When you pass a factory gate during shift change, you’ll notice something worth stopping for. Workers stream out in waves, some making their way to parking lots, others to buses, and still others simply taking a moment to relax against the wall before their commute. The most accurate depiction of what a workforce truly looks like is that scene, which is repeated in towns and cities on every continent. It is not a spreadsheet. Not a figure. Humans.
The definition in the textbook is sufficiently clear. The workforce, also known as the labor force in macroeconomics, is the total number of people who are either actively seeking employment or currently employed. It’s a total. both employed and unemployed. That excludes everyone else, including children, retirees, and people who have given up looking entirely. Easy on paper, difficult in real life.

The wide range of definitions for “working” is what makes it more difficult. Even though both are obviously employed, a salaried engineer in Seoul and a woman selling vegetables at a street market in Nairobi count differently. Most people associate the term “workforce” with formal employment, which includes contracts, paystubs, and legal protections. However, a startling portion of actual economic activity worldwide is made up of informal labor, which is unregistered, frequently unpaid in any official sense, and mostly unregulated. According to estimates, the informal sector accounts for about 85% of economic activity in Africa. It’s not a footnote. That is the primary narrative.
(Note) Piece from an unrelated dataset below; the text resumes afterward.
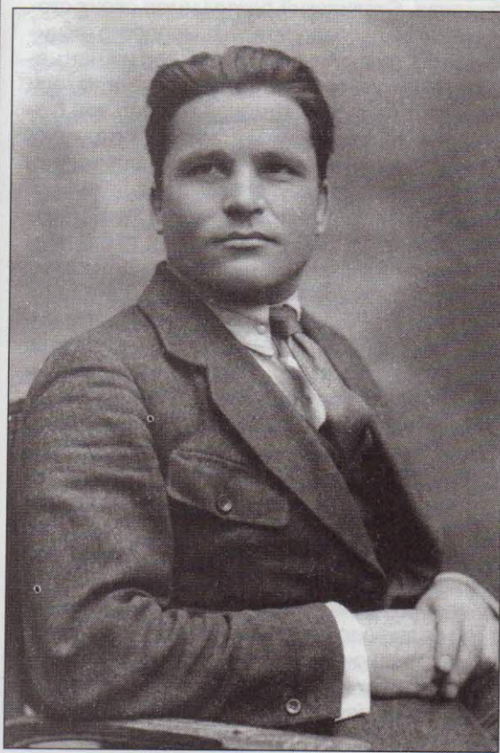
С. М. Киров. 1919 г.

так как их расстреляли в ходе работы. Однако один вопрос требует обсуждения: почему именно учебник А. В. Шестакова признали лучшим? Судя по архивам Кремля, явного фаворита не существовало, на все тексты были получены отрицательные рецензии, да и первую премию никому не присудили. Тем не менее в постановлении Политбюро от 27 августа 1937 года недвусмысленно указывается, что других в марксистском духе написанных учебников нет и поэтому краткий курс истории СССР под редакцией Шестакова целесообразно использовать и в старших классах средней школы 31 .

The majority of informal labor is typically performed by women, a trend that is evident everywhere. Approximately 92% of women and 86% of men in Sub-Saharan Africa work informally. In Benin, more than 80% of women were employed as street vendors in the 1990s. These numbers are not marginal. It’s important to consider how much of the world economy depends on work that goes mostly uncounted. They represent a hidden layer of the workforce that official labor statistics frequently fail to accurately capture.
The concept of a workforce is applied more narrowly at the corporate level. When a company refers to its workforce, it means those who are employed by it or sufficiently close to it. In this sense, workforce management is basically the science of effectively deploying those individuals. It entails estimating the amount of work that will be required, scheduling employees to meet that demand, monitoring performance, and making real-time adjustments. These days, there is software for everything, and the systems have become truly sophisticated, using past data to almost algorithmically forecast staffing requirements. A different, and still unanswered, question is whether that degree of optimization enhances working conditions for employees.
The perspective on workforce development is different. It refers to the larger endeavor by governments, businesses, educational institutions, and nonprofits to ensure that people possess the skills that the economy genuinely requires. The problem is that those needs are constantly changing. The Annie E. Casey Foundation created programs that integrated job training with social services in the 1990s, and Arkansas prioritized STEM education as an economic strategy. These initiatives demonstrate an awareness that preparing people for the workforce entails more than just giving them a resume template. Economic competitiveness at the regional level and economic security at the individual level turn out to be closely related issues.
There is a temptation to consider the workforce as a fixed entity, a figure that policymakers use in speeches and economists update every quarter. However, it moves continuously. People come in, go out, return to school, age out, change from formal to informal work during recessions, or just stop looking. Researchers observed a distinct shift from formal employment to informal work following the 1997 Asian financial crisis as people scrambled to find money wherever they could. Economic shocks affect more than just employment figures. They change the nature of the workforce and its appearance on the ground.
It is necessary to look past the overall numbers and focus on the individuals and trends that lie beneath them in order to truly comprehend the workforce. No one definition can adequately convey the complexity of the situation. However, it’s also more truthful.